(Your objective): Your answer must hold only the lines below from the line containing "毫無疑問,自發(fā)自用電" through the line containing "Infused with the", each reproduced exactly.

START Available data

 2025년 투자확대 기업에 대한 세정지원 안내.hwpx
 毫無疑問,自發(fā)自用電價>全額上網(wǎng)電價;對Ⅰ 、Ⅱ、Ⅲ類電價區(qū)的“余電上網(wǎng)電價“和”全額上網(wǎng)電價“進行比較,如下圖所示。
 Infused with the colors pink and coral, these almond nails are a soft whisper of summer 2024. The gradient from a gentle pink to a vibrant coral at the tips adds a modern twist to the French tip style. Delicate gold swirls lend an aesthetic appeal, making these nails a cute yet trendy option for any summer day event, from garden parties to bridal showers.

END Available data
START Available data

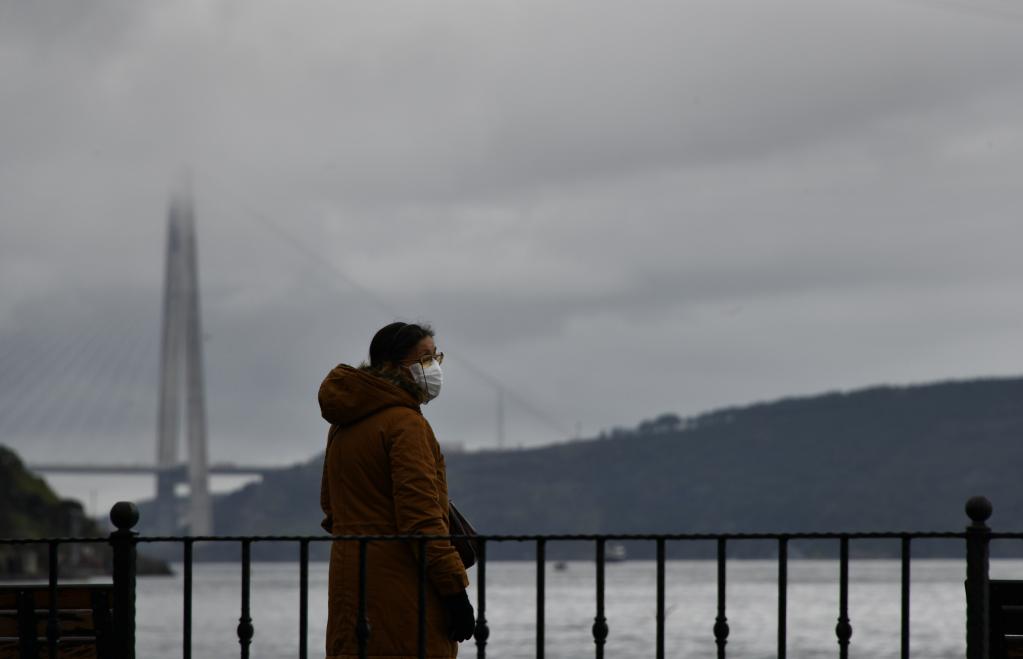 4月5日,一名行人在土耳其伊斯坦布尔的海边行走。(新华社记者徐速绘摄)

END Available data
START Available data

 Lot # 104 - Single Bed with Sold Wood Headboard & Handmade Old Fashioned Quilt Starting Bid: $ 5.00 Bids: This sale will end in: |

END Available data

(The answer):
 毫無疑問,自發(fā)自用電價>全額上網(wǎng)電價;對Ⅰ 、Ⅱ、Ⅲ類電價區(qū)的“余電上網(wǎng)電價“和”全額上網(wǎng)電價“進行比較,如下圖所示。
 Infused with the colors pink and coral, these almond nails are a soft whisper of summer 2024. The gradient from a gentle pink to a vibrant coral at the tips adds a modern twist to the French tip style. Delicate gold swirls lend an aesthetic appeal, making these nails a cute yet trendy option for any summer day event, from garden parties to bridal showers.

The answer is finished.